The universe is vast, and with so many stars, it seems improbable that we are alone. Yet, despite extensive searches, we see no evidence of extraterrestrial civilizations. This discrepancy forms the crux of the Fermi Paradox: if civilizations are not rare, then where has everyone gone?
In discussions of this issue, the Drake Equation is often invoked. Its significance lies not in providing answers but in highlighting the vast uncertainties involved. Each parameter can fluctuate by several orders of magnitude, leading estimates of communicable civilizations in the Milky Way to range from nearly zero to thousands. Consequently, some argue that the universe is inherently quiet, while others suggest that this silence itself is anomalous.
However, the true sharpness of the Fermi Paradox lies not just in ‘how many civilizations’ exist, but in another often underestimated factor: time and expansion.
Consider a highly conservative, even benevolent assumption. Imagine a technological civilization that did not emerge in the early universe but appeared merely 10 million years ago. Relative to the universe’s age of approximately 13.8 billion years, this is less than a thousandth of a moment. Further assume that its expansion capability is not aggressive, with interstellar travel at only one-tenth the speed of light, far below the typical settings found in science fiction.
Under these conditions, the results remain astonishing. At 0.1c, 10 million years is sufficient to traverse about 1 million light-years. This means that within a sphere of 1 million light-years radius from its home planet, all potentially habitable planets should theoretically have been explored, colonized, or at least marked by clear traces. For comparison, the entire Milky Way has a diameter of only about 100,000 light-years. In other words, such a ‘not too early, not too fast’ civilization would have long had the capability to cover the entire galaxy, even spilling over into nearby galactic clusters.
This calculation does not require assumptions of faster-than-light travel, a unified galactic empire, or that every star is inhabited by aliens. As long as a civilization crosses a certain technological threshold and possesses the basic motivation for survival, its expansion is almost a matter of time. This aligns perfectly with human historical experience: from migrations out of Africa to the expansion of agricultural societies, and from modern transcontinental colonization to globalization, technological civilizations have never been static.
Thus, the true unsettling aspect of the Fermi Paradox is that even if such a civilization has existed only once, we should have already seen it. Anomalies in infrared radiation, traces of stellar energy use, artificial astronomical structures, or even just the debris of probes scattered across interstellar space would suffice to reveal its presence. Yet what we observe is a clean and indifferent universe.

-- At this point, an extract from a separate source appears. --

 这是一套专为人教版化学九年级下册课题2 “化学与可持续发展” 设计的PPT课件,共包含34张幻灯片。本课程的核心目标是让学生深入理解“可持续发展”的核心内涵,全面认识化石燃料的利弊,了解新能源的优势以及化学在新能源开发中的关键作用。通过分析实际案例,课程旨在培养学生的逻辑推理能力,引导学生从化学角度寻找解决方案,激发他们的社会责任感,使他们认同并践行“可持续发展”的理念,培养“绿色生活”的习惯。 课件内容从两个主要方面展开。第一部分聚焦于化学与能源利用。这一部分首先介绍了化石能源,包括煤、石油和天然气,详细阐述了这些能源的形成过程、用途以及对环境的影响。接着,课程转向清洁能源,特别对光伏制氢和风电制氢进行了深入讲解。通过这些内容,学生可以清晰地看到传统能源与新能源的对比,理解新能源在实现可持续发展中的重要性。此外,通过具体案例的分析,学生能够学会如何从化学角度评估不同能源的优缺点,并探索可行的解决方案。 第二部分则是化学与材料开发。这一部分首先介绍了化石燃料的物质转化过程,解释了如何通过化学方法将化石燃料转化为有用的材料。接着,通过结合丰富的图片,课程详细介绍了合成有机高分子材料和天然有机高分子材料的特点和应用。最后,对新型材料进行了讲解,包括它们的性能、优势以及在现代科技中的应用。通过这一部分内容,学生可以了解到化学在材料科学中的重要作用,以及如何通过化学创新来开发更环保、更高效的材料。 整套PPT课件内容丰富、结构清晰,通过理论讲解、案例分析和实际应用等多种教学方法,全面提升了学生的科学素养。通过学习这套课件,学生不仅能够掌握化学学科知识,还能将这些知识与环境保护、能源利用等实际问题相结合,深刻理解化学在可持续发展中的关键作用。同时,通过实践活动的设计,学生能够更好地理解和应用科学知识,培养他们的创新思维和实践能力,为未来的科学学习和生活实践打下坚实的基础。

This reality pushes the question directly towards the ‘Great Filter’ theory. If civilizations tend to expand, yet the universe remains so silent, the most reasonable explanation is not that civilizations do not arise, but that most cannot survive long enough. Perhaps they went extinct before mastering interstellar capabilities; perhaps internal risks erupted after rapid expansion; or perhaps the average lifespan of civilizations is simply too short to leave any observable traces.
Bringing this reasoning back to humanity makes the implications sharp. Nuclear weapons, biotechnology, artificial intelligence, and climate disorder are all byproducts of civilizations gaining immense power in a short time. They are not external threats but rather the internal injuries of civilization growth. If the Great Filter is indeed ‘failing to learn self-restraint before expansion,’ then the silence of the universe is likely not a coincidence but a statistically inevitable outcome.

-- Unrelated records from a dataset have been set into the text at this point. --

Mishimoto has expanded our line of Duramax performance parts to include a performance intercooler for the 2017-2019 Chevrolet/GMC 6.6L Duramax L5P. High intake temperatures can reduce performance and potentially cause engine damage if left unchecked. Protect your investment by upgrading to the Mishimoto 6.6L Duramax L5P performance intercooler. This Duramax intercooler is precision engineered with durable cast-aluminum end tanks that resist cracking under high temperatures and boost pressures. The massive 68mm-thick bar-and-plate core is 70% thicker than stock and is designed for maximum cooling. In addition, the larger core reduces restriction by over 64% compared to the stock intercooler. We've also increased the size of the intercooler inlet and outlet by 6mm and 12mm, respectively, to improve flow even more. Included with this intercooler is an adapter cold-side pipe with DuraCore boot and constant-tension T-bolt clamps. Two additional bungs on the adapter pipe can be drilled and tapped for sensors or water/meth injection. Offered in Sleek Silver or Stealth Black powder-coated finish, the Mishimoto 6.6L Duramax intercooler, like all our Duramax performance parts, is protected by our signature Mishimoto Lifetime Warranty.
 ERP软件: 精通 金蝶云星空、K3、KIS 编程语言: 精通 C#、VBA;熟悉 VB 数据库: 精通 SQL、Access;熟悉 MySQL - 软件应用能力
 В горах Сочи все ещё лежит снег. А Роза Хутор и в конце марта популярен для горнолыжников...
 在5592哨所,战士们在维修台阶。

Thus, the Fermi Paradox is not merely an intriguing question of astronomy but a civilization-level arithmetic problem. Given time, civilizations will expand; if we see no traces of such expansion, we must question whether civilizations can endure the test of their own power. The issue has never been just ‘where are the aliens?’ but rather ‘why has no civilization succeeded in reaching a point where we can observe them?’
And this question quietly points towards our future.